In his recent book ‘The Edge of Words’ Rowan says of words in poems, “… they act none the less as warning signs that this discourse will be something distinct from the usual exchanges of a culture: it will invite us to set aside for this listening period our assumptions about identity, about the solidity or closure of our perceptions.” (EW, 132) Words and phrases are forced into action in this poetry, used to vary and double in meaning, taken from their basic etymology and improved by memory’s definitions. As he says elsewhere, “This is indeed language under pressure deployed as a means of exploration, invoking associations which may be random in one way, yet generate a steady level of unsettling alternative or supplementary meanings in the margin of the simple lexical sense,” (EW, 133) ‘Yellow Star’ is just one straightforward example of how Rowan employs “warning signs”, both in the sense of it being a distinctive poem at work in the world and the star symbol in the poem itself being a warning. The poem inhabits its own space, offers its own way of thinking about existence, sets itself firmly in a very recognisable time and place, and uses a shared symbolic language to overturn and re-think that symbolism. At one level, the poem speaks for itself, says it all in one go. It’s like there’s nothing more to say. At another level, every line opens up chances for multiple meanings and fruitful interpretation.

Monday, 16 January 2017

Reveries of libraries, the twentieth: BORROWER CARDS AND PASSPORTS

“The library card is a passport to wonders and miracles, glimpses into other lives, religions, experiences, the hopes and dreams and strivings of ALL human beings, and it is this passport that opens our eyes and hearts to the world beyond our front doors, that is one of our best hopes against tyranny, xenophobia, hopelessness, despair, anarchy and ignorance.”
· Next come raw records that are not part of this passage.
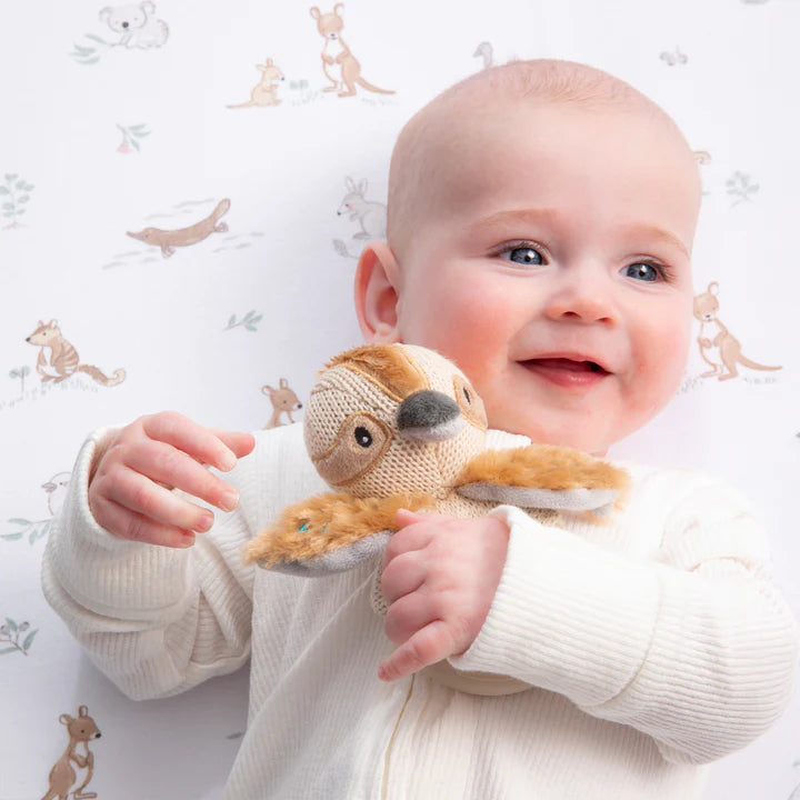 Soothe and entertain your little one with our charming Kookaburra Rattle! Made from soft cotton knit and a BPA-free silicone teether ring, this rattle is perfect for tiny hands and growing gums. Plus, it's tested to AUS/NZ toy standards for safety. Get a matching stroller ring attachment for even more fun!
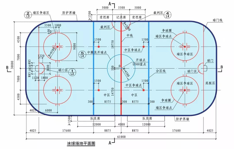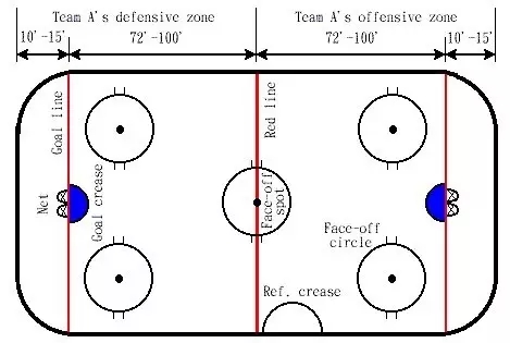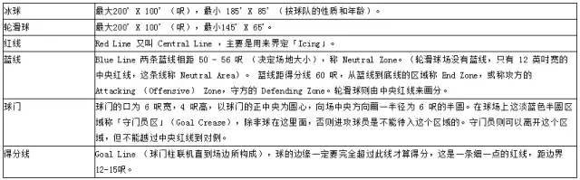 在冰球,攻方球员比球早进入Attacking Zone则造成越位违例,称为「Off -siding」。而在轮滑球是没有Off-siding的。球从一方的Defending Zone由此方球员传出,直接穿过这边的蓝线再越过红线(中线)而未经其它球员碰触,亦造成Off-siding违例。争球点(Face - off Spot):冰球球场上的7个黑点为争球点,以点为圆心15呎为半径画出的圆为争球圈,争球的时后其它球员不得进入此圈,一直要到裁判丢下的球着地后才可以开始动作。蓝线之间(Neutral Zone)有5个争球点,在红在线的是 Central Face - off Spot。蓝线边靠中央侧的争球点离蓝线5呎,轮滑球则无这四个。球场两头End Zone也各有两个争球点。一般在「死球」之后,会在距离发生死球处最近的争球点争球继续比赛。球场左右两翼(图的上下)的争球点相距44呎。
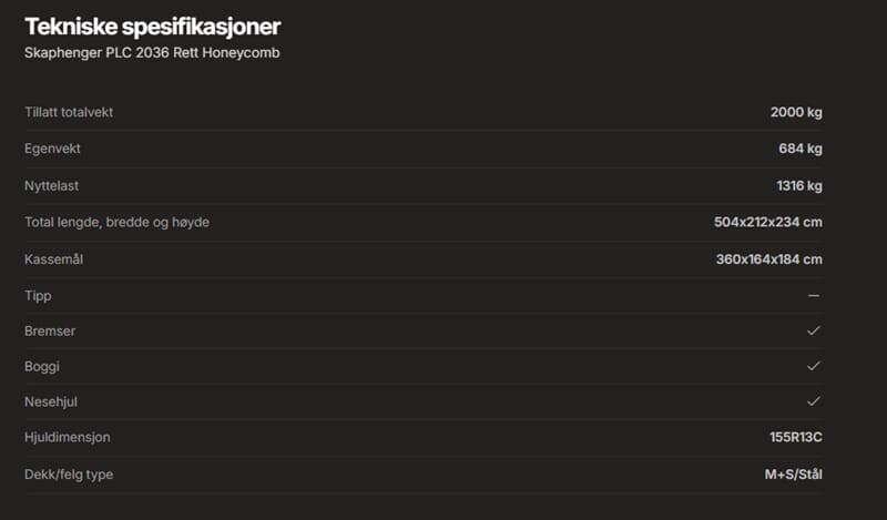 Skaphengeren leveres med honeycomb-vegger, som gir en optimal kombinasjon av lav vekt og høy styrke. Denne strukturen gir ekstra stivhet og holdbarhet, samtidig som den reduserer vekt, noe som gir bedre lastekapasitet og drivstofføkonomi. Hengeren er utstyrt med LED-lys for økt synlighet og sikkerhet. Sidedør kan leveres som tilleggsutstyr

The library card took us to the hardest part of the Grimm’s forest, a place where the house tasted sweet and the oven was for us; to the oddest corners of Lear’s Gladstone bag, where meaningless words turned themselves into complete sense; to the softest landing in Sendak’s dream city, where arguments are resolved by music and you actually meet yourself.

The library card is the smallest page in our wallet and gives access to pages of practicality held together by spiral plastic, American-cut pages of confident prose balanced by unspoken margins, shiny pages of eye-pleasing belief from the history of worldly art, convoluted arrow pages of fix-it manuals folding out into tables of repair, pages of maps all coastline and alps.

The library card is a ticket to the idea we reached for earlier, the philosophy we thought must exist but couldn’t see now, the logic that isn’t like steps in a rational puzzle but leaps from emotion to meaning and back again, the conclusions we know are more than destinations more like the terminus for our next direction, the poetry to be found in the ordinary inarticulate.

The library card is a creased rectangle to the great globe of our and everything’s strivings, a brutal barcode to the transparent beauties transported in simulacra, our overfamiliar name and same old address searching out anyone anywhere anytime anyhow, a string of numbers that is not us say the loans we take and never will be us whatever a computer might think, say the loans.

The library card slips under the radar of cyberspace, cannot be tracked by known or unknown security agencies, could be someone else borrowing the same material, is interchangeable when interfacing with technology, floats in the top pocket untraceable by satellite or drone, suits itself what is listed under its unique status, serves as a bookmark and DVD chisel.

The library card is the strangely exact compact with everything written no longer in a bookshop, everything written by strangers down the street, hours of music the radio forgot, festivals of film the television only dreams about, kinds of talking you don’t hear down the shops, somewhere you would rather be, someone you would rather be with just for now.

 The original quote is by Libba Bray, via Talitha Fraser.